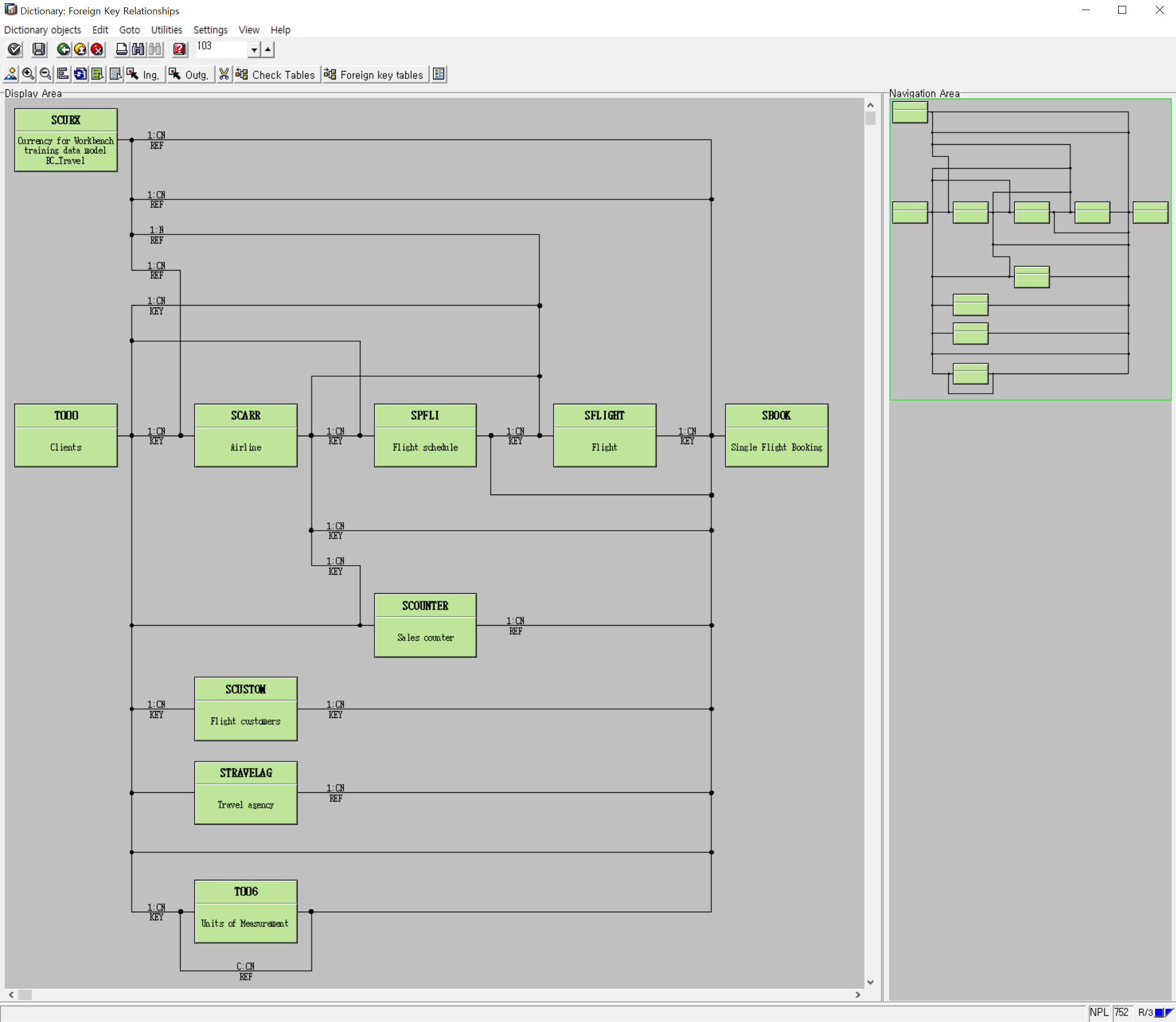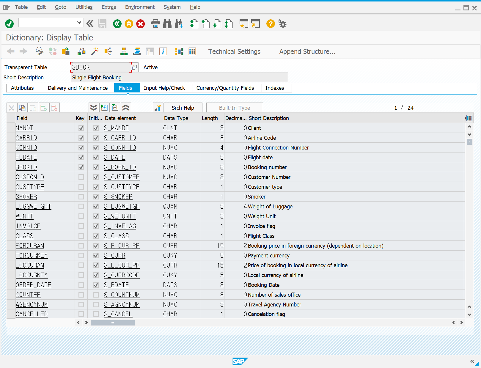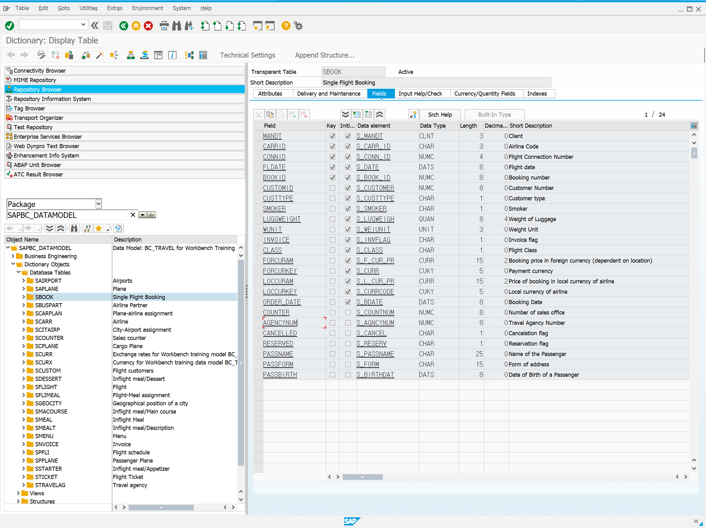 'Graphic' 옆 4번째에 있는 'Display Object List' 버튼을 눌렀을 때의 화면이다. 'Sbook' Table 이 속해있는 Package 'SAPBC_DATAMODEL' 을 확인 할 수 있으며, Package 안에 'Sbook' 과 같은 항공사 시나리오에 사용되고 있는 각종 Table 들을 확인 할 수 있다. 이 Package 는 아까 위에서 설명한 시나리오에 필요한 Object 를 만들어 주는 프로그램이 만들어 준거다. Table 뿐만 아니라 View, Structure 등등 많은 Object 들이 있으니 살펴 보자.
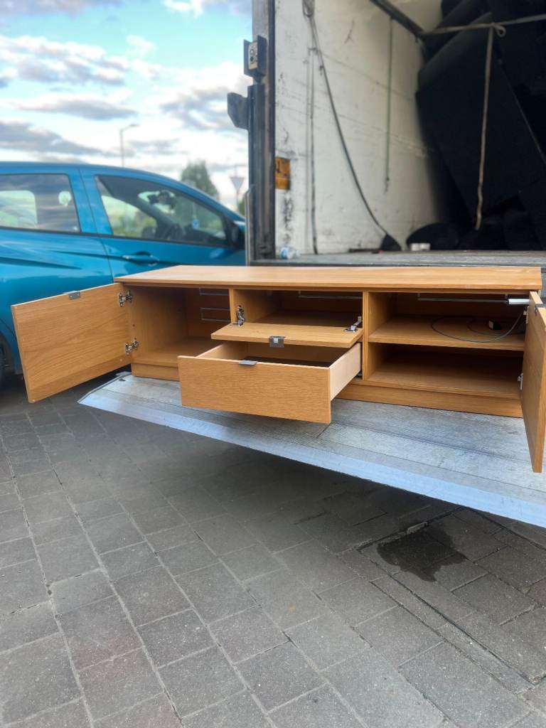 Posting for under a monthOak wood TV stand
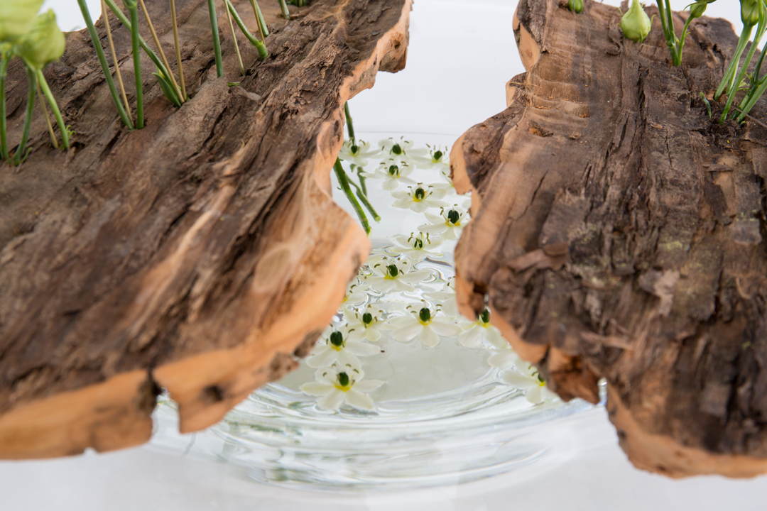 Detail van bloemwerk met Lisianthus. De boog over het water, de prachtige witte bloemen, het hout en de drijvende losse Ornithogalum bloemetjes in het water geven dit design van Roos van Unen een feeërieke uitstraling.
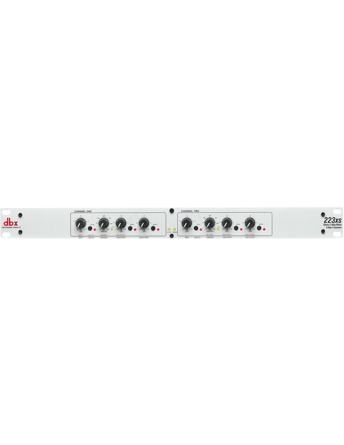 Il DBX 223XS è un crossover stereo a 2 vie o mono a 3 vie con connettori XRL. Il DBX 223XS è dotato anche di un output per il subwoofer, di un filtro passa-alto a 40 Hz per entrambi i canali, di un interruttore phase reverse per tutti gli outputs, di controlli per il livello individuali per ogni output, e di filtri Linkwitz-Riley a 24 dB per ottava.
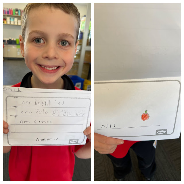 Today for writing the children got very creative (and had lots of fun) writing clues for their healthy eating riddle. The children each picked one fruit or vegetable and wrote 3-4 clues describing their chosen fruit or vegetable. Once they had done that they got to draw their fruit or vegetable on the inside of the flip card. The children loved sharing their clues with others and having them try and guess their fruit or vegetable.
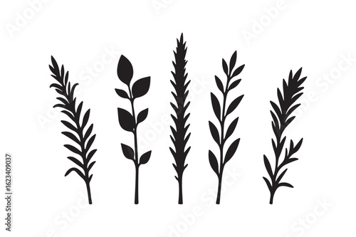 © Sadek, Fototapeta premium Five black silhouette botanical sprigs and branches on white background
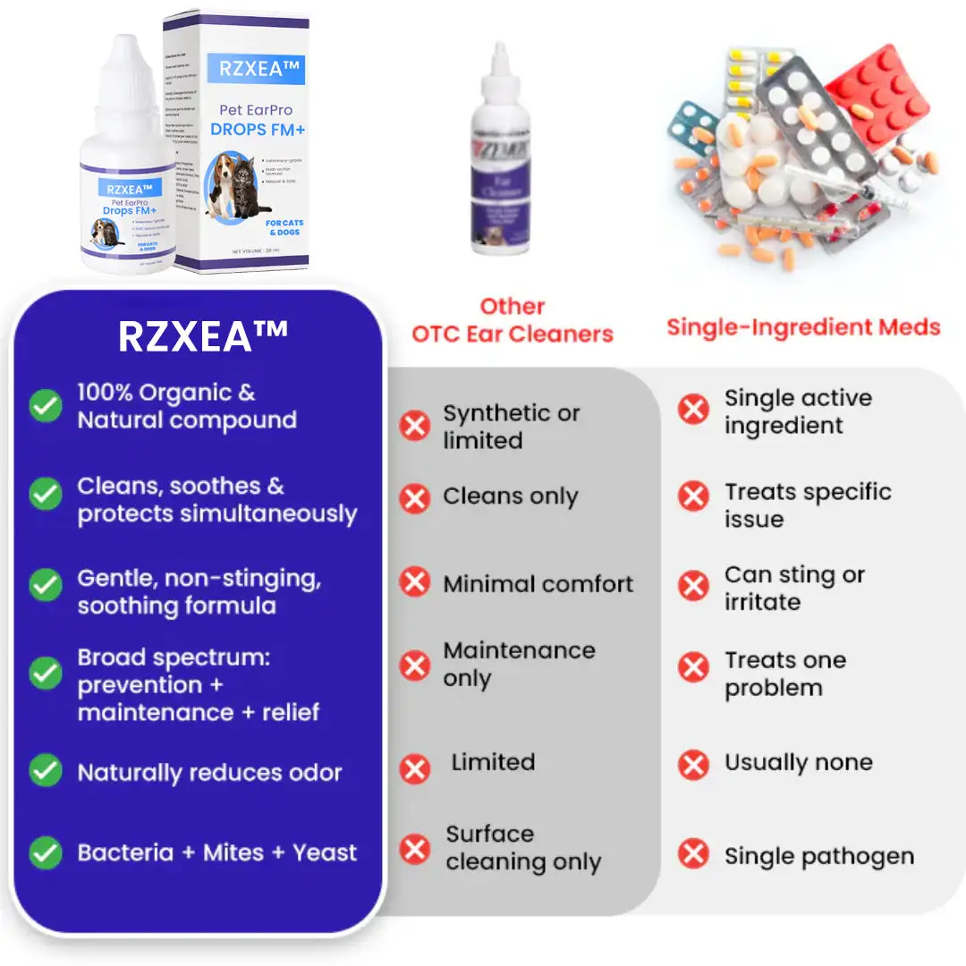 RZXEA™ Pet EarPro Drops FM+ uses the same veterinary prescription formula clinics rely on: dual-action antimicrobial compound that relieves symptoms in 3-5 days and completely eliminates infection in 7-14 days.
:::::
[Work item]: Return verbatim every line from the one holding "Today for writing" to the end of the records above. Do not copy the pictures.

[Task output]:
 Today for writing the children got very creative (and had lots of fun) writing clues for their healthy eating riddle. The children each picked one fruit or vegetable and wrote 3-4 clues describing their chosen fruit or vegetable. Once they had done that they got to draw their fruit or vegetable on the inside of the flip card. The children loved sharing their clues with others and having them try and guess their fruit or vegetable.
 © Sadek, Fototapeta premium Five black silhouette botanical sprigs and branches on white background
 RZXEA™ Pet EarPro Drops FM+ uses the same veterinary prescription formula clinics rely on: dual-action antimicrobial compound that relieves symptoms in 3-5 days and completely eliminates infection in 7-14 days.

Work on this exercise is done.